The climate of Mecca is extremely hot. I saw fresh cucumbers and eggplants at the end of the month of Aquarius. This was the fourth time I had been to Mecca.
From . . . [19 November 1050] until . . . [5 May 1051] I was a mojawer in Mecca. On the fifteenth of Aries the grapes were ripe and were brought to town from the villages to be sold in the market. On the first of Taurus melons were plentiful. All kinds of fruit are available in winter, and [the markets] are never empty.
THE HAJJ On the ninth of Dhu al-Hijja 442 [24 April 1051], with God’s help, I completed my fourth pilgrimage. After the sun had set and the pilgrims and preacher had left Arafat, everyone traveled one parasang to Mashʿar al-Haram [Sacred Shrine], which is called Muzdalifa. Here a nice structure like a maqsura17 has been built for people to pray in. The stones that are cast in Mina are gathered up here. It is customary to spend the holiday eve in this spot and then to proceed to Mina early the next morning after the dawn prayer for making the sacrifice. A large mosque called Khayif is there, although it is not customary to deliver the sermon or to perform the holiday prayer at Mina, as the Prophet did not establish a precedent.
The tenth day is spent at Mina, and stones are cast, which practice is explained as a supererogatory act connected with the Pilgrimage.
On the twelfth, everyone who intends to leave departs directly from Mina, and those who intend to remain awhile in Mecca go there. Hiring a camel from an Arab for the thirteen-day journey to Lahsa, I bade farewell to God’s House.
MECCA TO TAʿIF On Friday . . . [4 May 1051], the first of the old month of Gemini, I traveled seven parasangs from Mecca. There was an open plain with a mountain visible in the distance. Heading toward that mountain, we passed by fields and villages. There was a well called Bir al-Husayn ibn Salama [Well of Husayn son of Salama]. The weather was cold. We continued eastward and on Monday arrived in Taʿif, which is twelve parasangs from Mecca. . . .
JAZʿ We continued on past that place and saw a fortress called Jazʿ. Within half a parasang we passed four fortresses, the largest of which, where we stopped, was called the Banu Nosayr Fortress, and it had a few date palms.

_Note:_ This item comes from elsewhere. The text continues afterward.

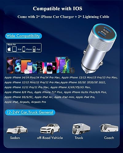 ![iPhone Car Charger,【2Pack】Dual Port USB C Fast Charger Car Power Adapter [Apple MFi Certfied] Apple Charging Cigarette Lighter with 2Pack Lightning Cable for iPhone 14 13 12 Pro 11 X SE 8 iPad- Silver - Image 5](https://travelzoneuk.com/wp-content/uploads/2024/06/51zGGWjM9GL.jpg)

As the man from whom I had hired my camel was from Jazʿ, I stayed there for fifteen days, there being no khafir [safe-conduct] to take us on farther. The Arab tribes of that region each have a particular territory in which they graze their flocks, and no stranger can enter one of these territories, since anyone who does not have a khafir will be captured and plundered. Therefore, from each tribe there is a khafir, who can pass through a given territory. The khafir is also called qalavoz.
By chance, the leader of the Arabs with whom we had traveled, the Banu Sawad, came to Jazʿ, and we took him as our khafir. His name was Abu Ghanem Abs son of al-Baʿir, and we set out under his protection. A group of Arabs, thinking they had found “prey” (as they call all strangers), came headed toward us; but since their leader was with us, they passed without saying anything. Had he not been with us, they most certainly would have destroyed us.
We had to remain among these people for a while because there was no khafir to take us farther. Finally, we found two men to act as khafirs and paid them ten dinars each to take us to the next tribe.
Among one tribe, some seventy-year-old men told me that in their whole lives they had drunk nothing but camels’ milk, since in the desert there is nothing but bitter scrub eaten by the camels. They actually imagined that the whole world was like this!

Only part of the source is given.